20 years ago, The Onion found Michael Jackson's body
Plus, St. Patrick's Day, NIMBYs, diversity training, improv comedy, the miracles of Wi-Fi and Jackie Harvey's Oscars review.
Welcome back to The Onion: 20 Years Later, where we review the print issue from 20 years ago, find out what’s still funny and examine the cultural impact. Today, we revisit March 16, 2005.
This jam-packed issue imagines Michael Jackson’s death a few years early, explores the then-new Wi-Fi technology, mocks Irish heritage — and is extremely political in ways you might not expect.

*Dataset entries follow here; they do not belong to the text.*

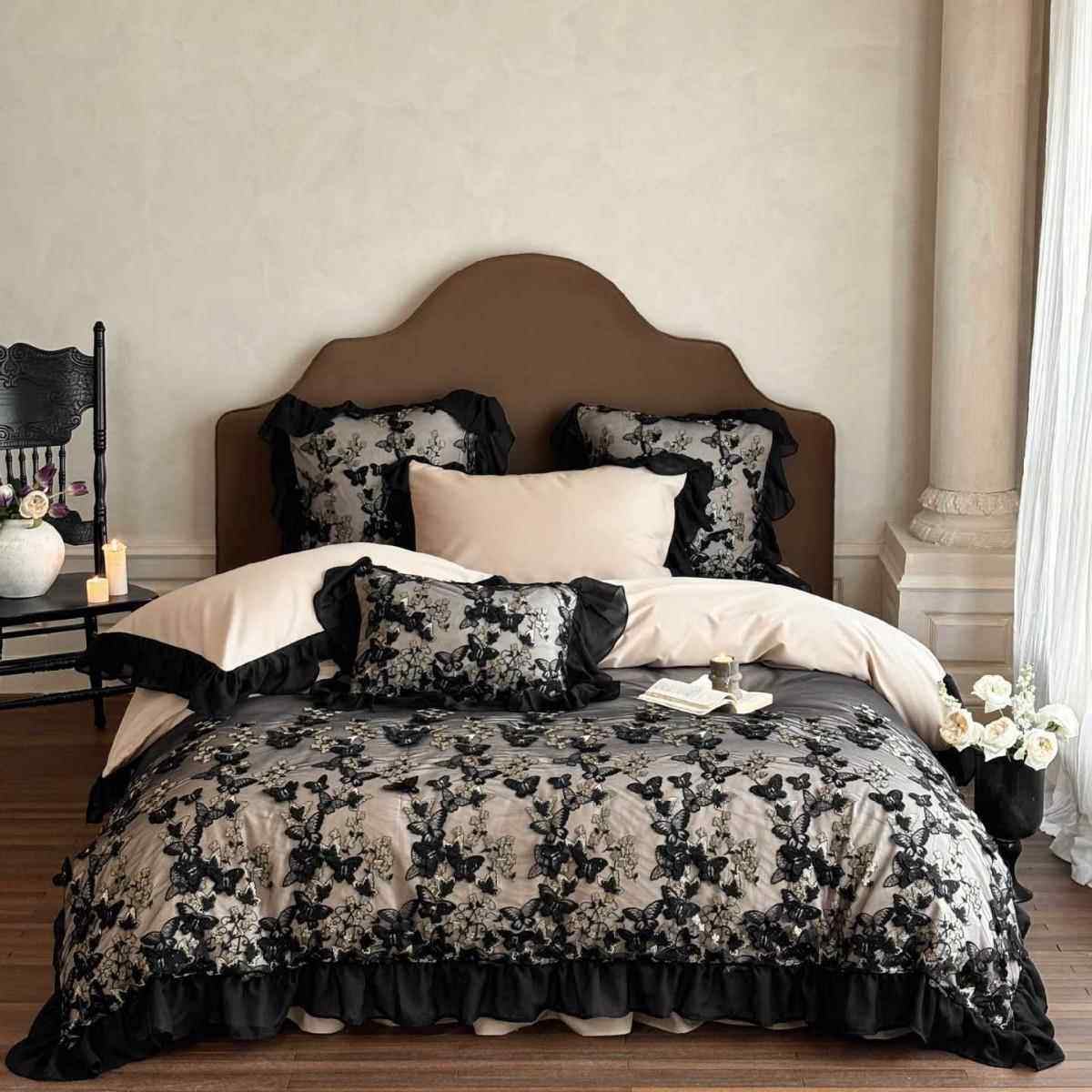 法式风全棉水洗棉四件套复古蝴蝶刺绣荷叶花边被套床裙款床上用品
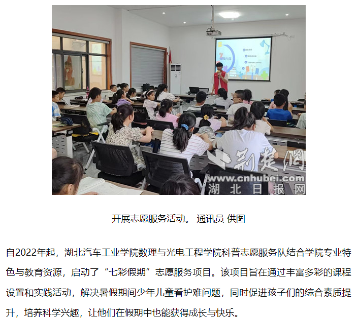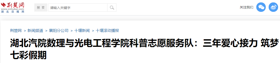 【荆楚网】湖北汽院数理与光电工程学院科普志愿服务队:三年爱心接力 筑梦七彩假期
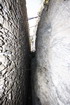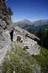 Proprio al di sotto della Punta Colomion, c' è un ricovero ancora parzialmente integro, con parte del tetto. Fu realizzato a fine '800 ma poi riadattato nel 1935. Internamente ci sono ancora decorazioni, scritte e le parti metalliche delle finestre. Il ricovero è ancorato alla montagna con dei grossi tiranti in ferro conficcati nella roccia. Sul colletto sopra al ricovero c' erano gli appostamenti di artiglieria ottocenteschi. Oggi però non se ne trova più traccia. |
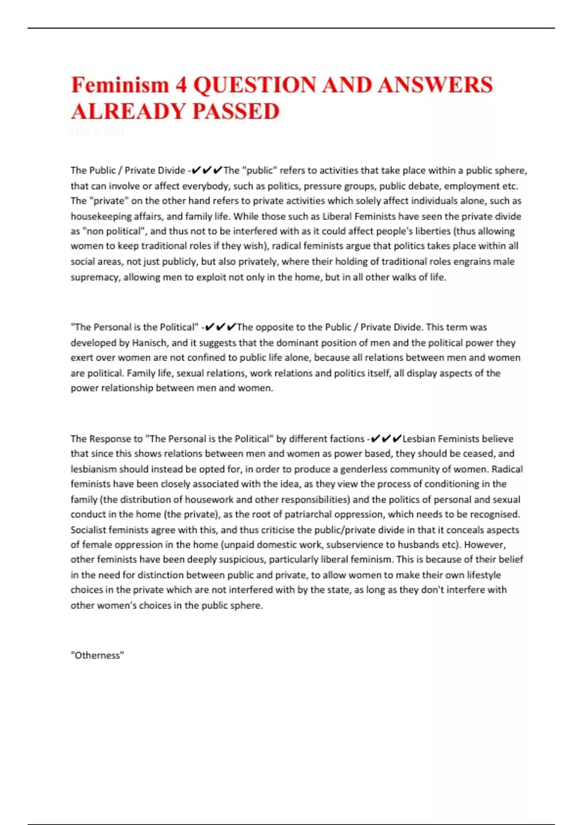 Feminism 4 QUESTION AND ANSWERS ALREADY PASSED

If you’re new here, welcome! I invite you to sign up below. We publish most Sundays. View the archives here.
What issue is this?
This was Vol. 41, Issue 11, the 233rd new Onion issue of the 2000s. Here’s what the website looked like in 2005 and today. There’s no working 2015 version on Internet Archive; by June 2015, the Vo. 41, Issue 11 page loads this, instead.
The front-page image is courtesy of former Onion Editor-in-Chief Scott Dikkers. Check out his Substack and his latest book.1
These front-page headlines are no longer online:
“TK Killer To Be Nicknamed Later”
“Sister Mad”
“TK” is a journalism placeholder meaning “To come.”

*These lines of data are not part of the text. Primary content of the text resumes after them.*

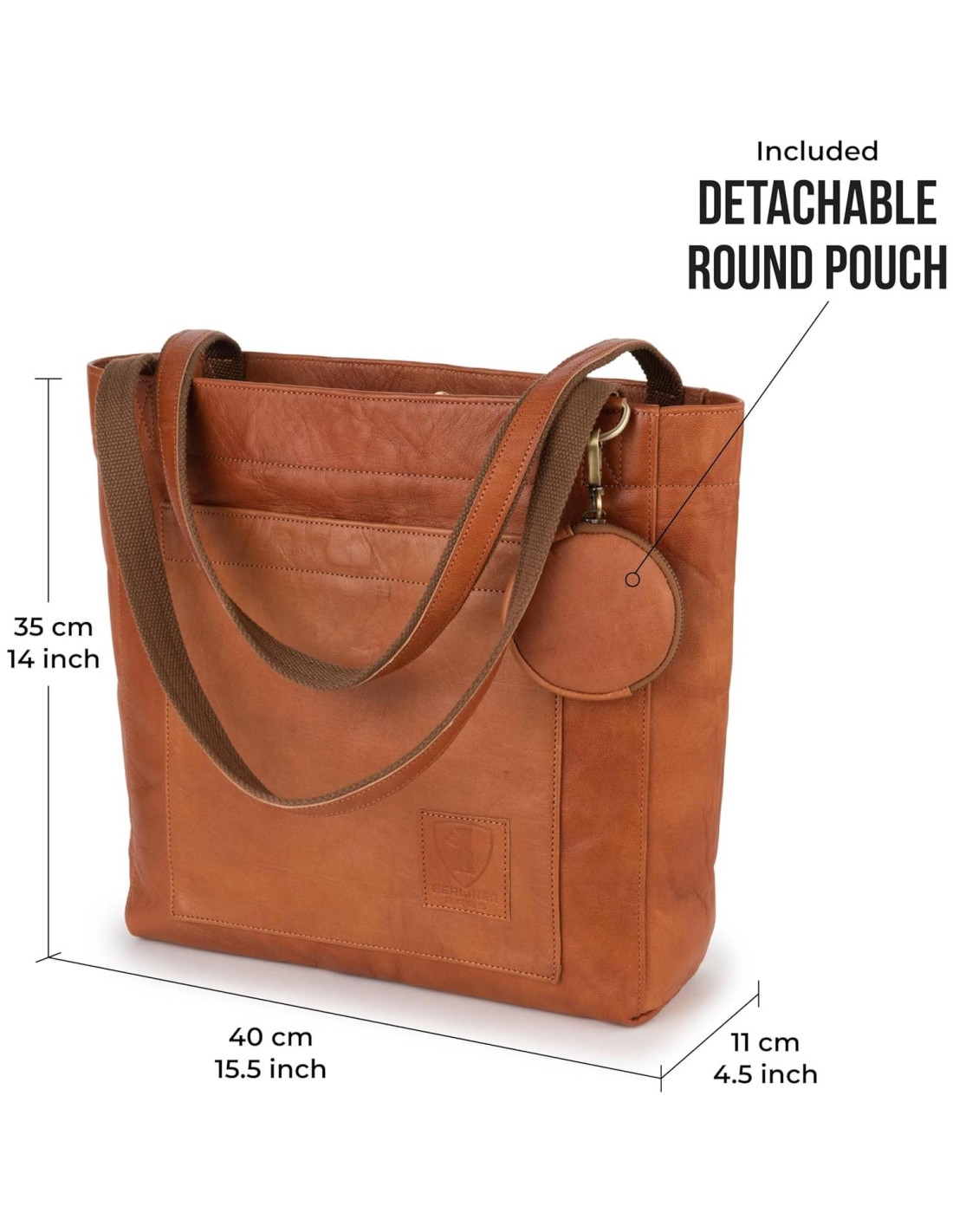 - TU BOLSO PARA SIEMPRE. Sevilla es un tote para mujeres elegante y espacioso, perfecto para el uso diario. Su diseño vintage combina sin esfuerzo con cualquier atuendo. Con asas de cuero reforzadas, cierre magnético, pouch redondo desmontable y bolsillo exterior, combina estilo y comodidad. Dimensiones: 14 pulgadas (35,56 cm) x 15.5 pulgadas (39,37 cm) x 4.5 pulgadas (11,43 cm).
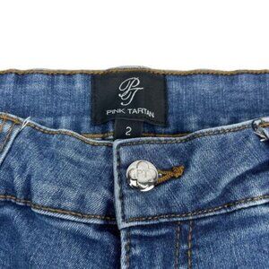 Pink Tartan Womens Flare Raw Hem Jean Size 2
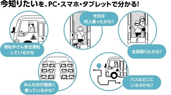 HKS 送迎バス安心見守り装置サービスHBAS-DR1 ROKUGA(仮名)は、弊社商品の360°通信型ドライレコーダーを、送迎バス向けにカスタマイズしたモデルで、ドアが開閉する度に、乗降状態を録画しクラウドに送信します。現時点や過去の乗降を、クラウド上で確認することができます。
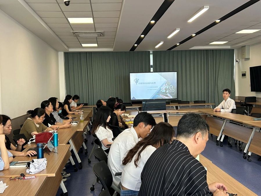 在随后开始的专题分享会上,周敏李副教授指出,审计教学需主动对接行业实践与数字化变革趋势,将前沿理论研究成果与实战需求紧密结合,他围绕课程定位、学情分析、教学方法三大核心维度展开深度阐述。他强调审计专业课程必须立足“为国家和人民服务”的根本导向,立足中国审计实践,融入中国审计学自主知识,既强化员工的专业技能训练,又培育其社会责任感与使命担当。在教学方法创新方面,他主张打破“理论先讲、案例后补”的传统模式,采用“案例研讨先行、理论提炼跟进”的反转教学法,充分调动员工的主动思考与课堂参与积极性;并积极运用AI工具、虚拟仿真技术,建设多学科融合的虚实结合教学资源库,探索开展项目对弈、任务探究和验证式等互动教学方法,围绕员工复杂场景问题解决能力培养,优化教学评价机制。
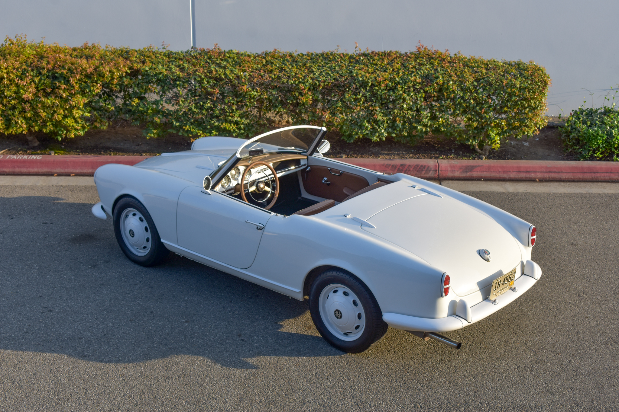 15″ Borrani steel wheels are finished in white with matching hubcaps and are wrapped in 185/65 Pirelli Four Season tires. A front disc brake conversion was carried out.
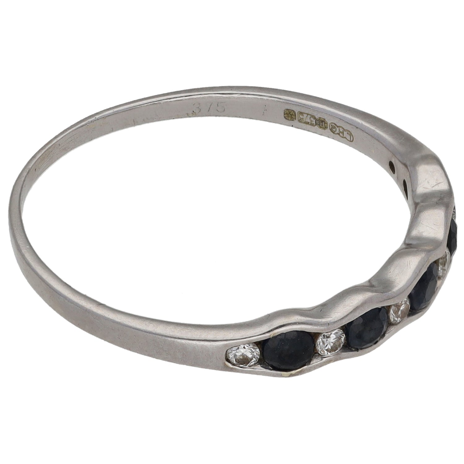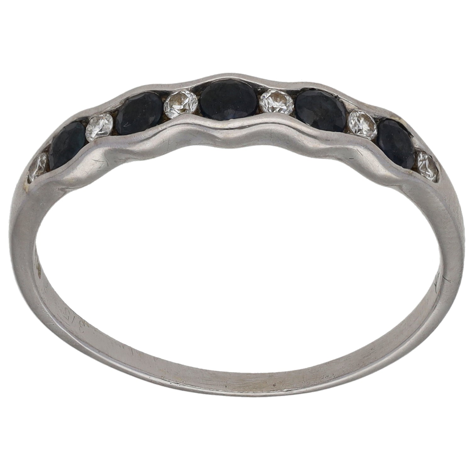 9ct White Gold Sapphire & 0.06ct Diamond Half Eternity Ring Size U
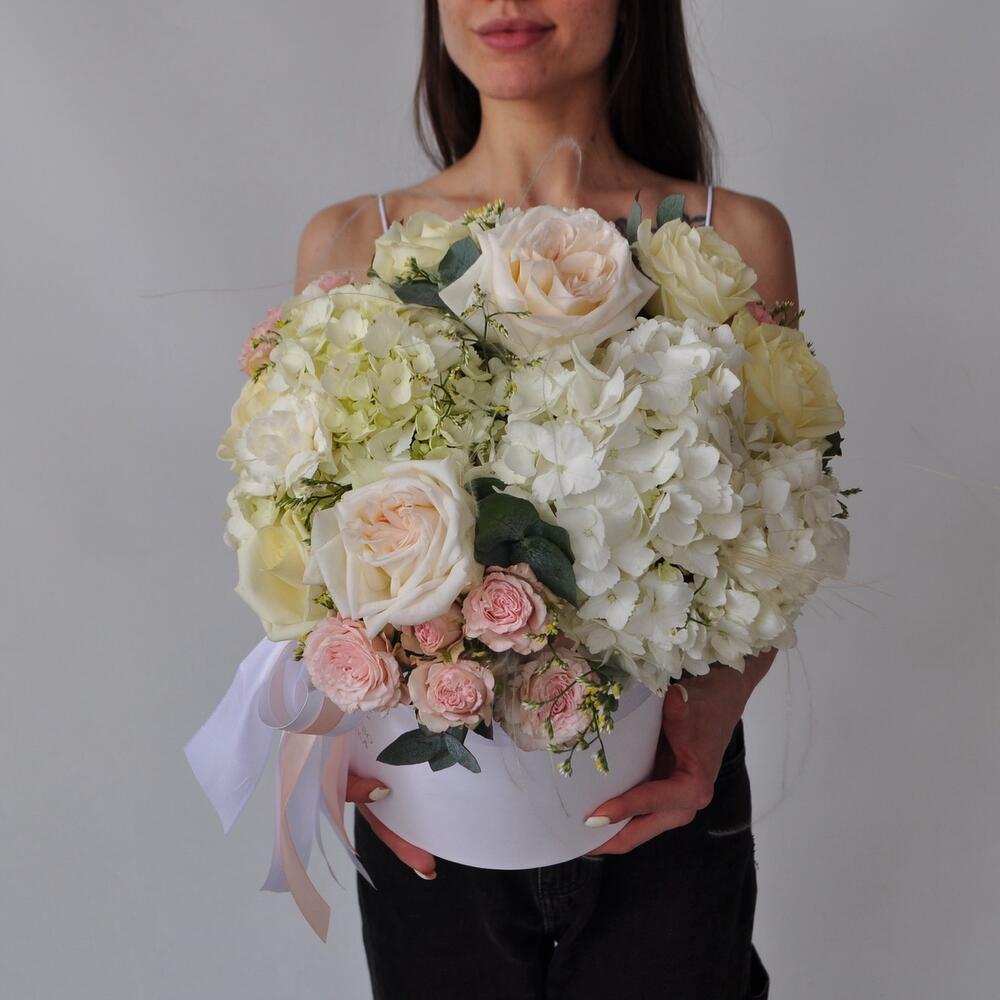 Гортензия и пионовидные розы Охара в большой коробке "Белоснежка"

Also no longer online is the St. Patrick’s Day feature “Irish-Heritage Timeline,” although it’s viewable on the Internet Archive’s 2005 version of The Onion’s website.
What was the top story, and other impressions?

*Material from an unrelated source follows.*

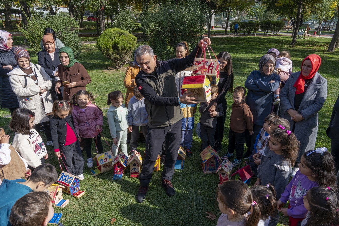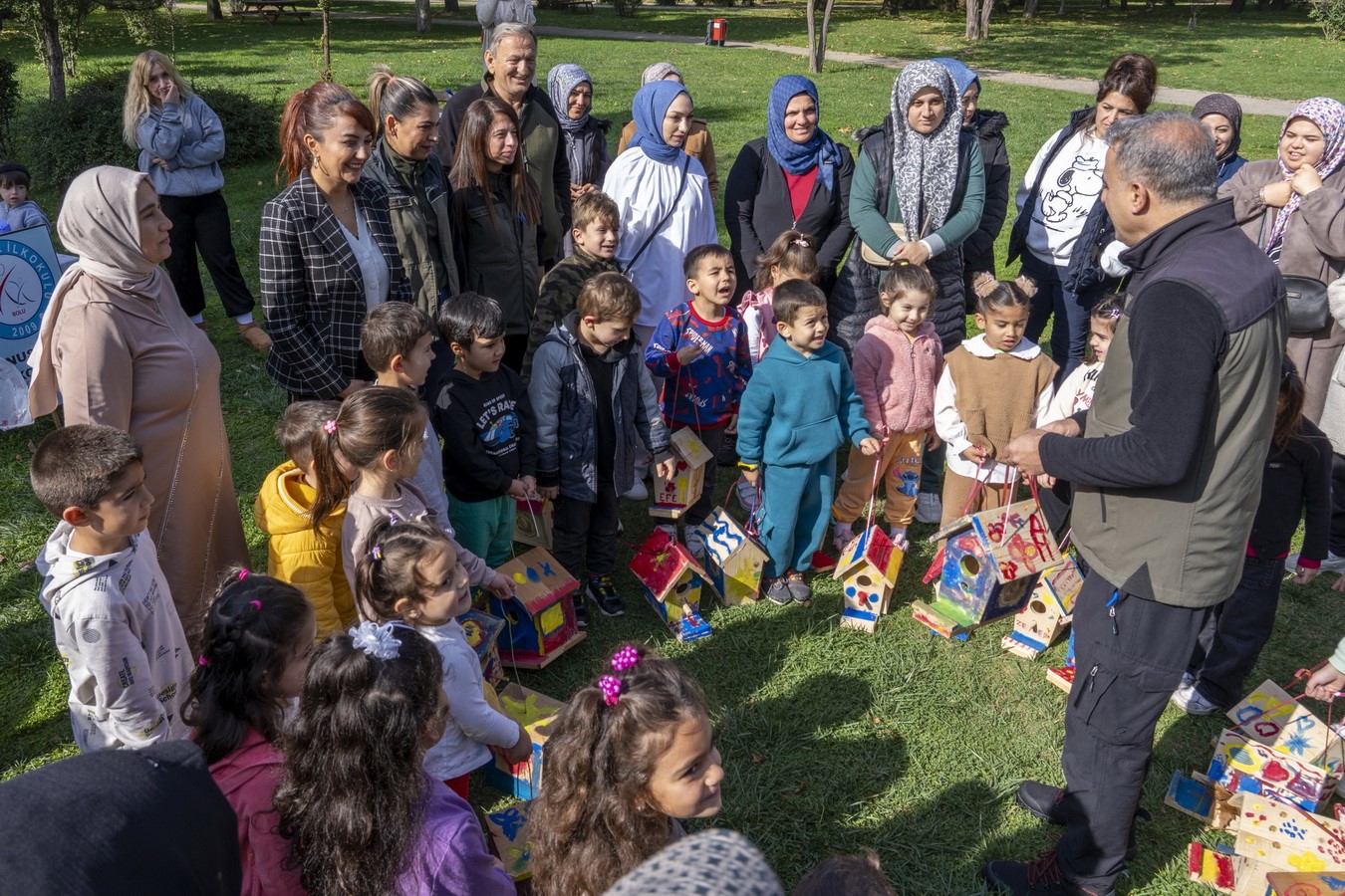 Bolu’da anaokulu öğrencileri, doğa sevgisini pekiştirmek ve çevre bilincini geliştirmek amacıyla boyadıkları kuş yuvalarını ağaçlara astı.
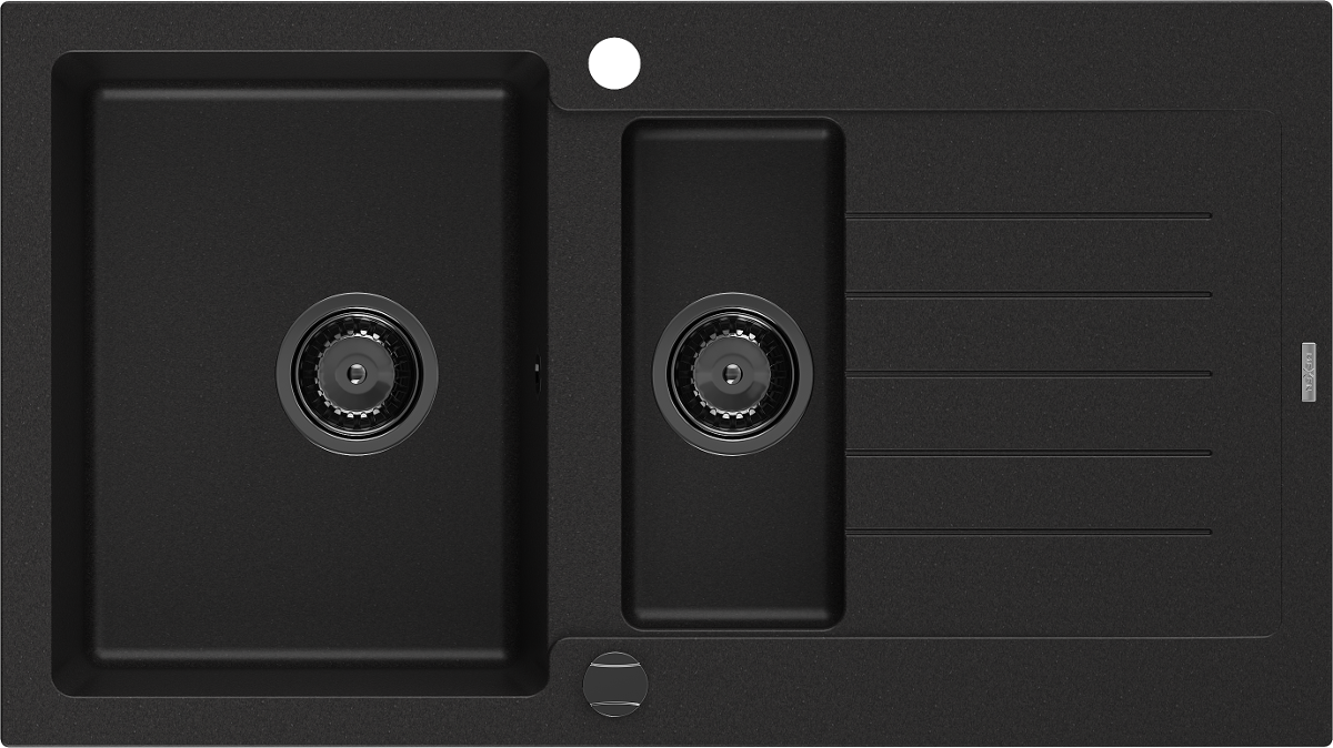 Mexen Matias zlewozmywak granitowy 1,5-komorowy z ociekaczem 900 x 505 mm, czarny, syfon czarny - 6502901505-77-B

St. Patrick’s Day is March 17, and The Onion celebrated the occasion with a full timeline of the Irish people! This feels like a pilot project for The Onion’s 2007 book “Our Dumb World,” a parody of encyclopedias.
On the 2005 website, this displays like a way-too-wide image, although it’s actually 3 JPGs stitched together. In print (also above) it’s split across pages 10-11.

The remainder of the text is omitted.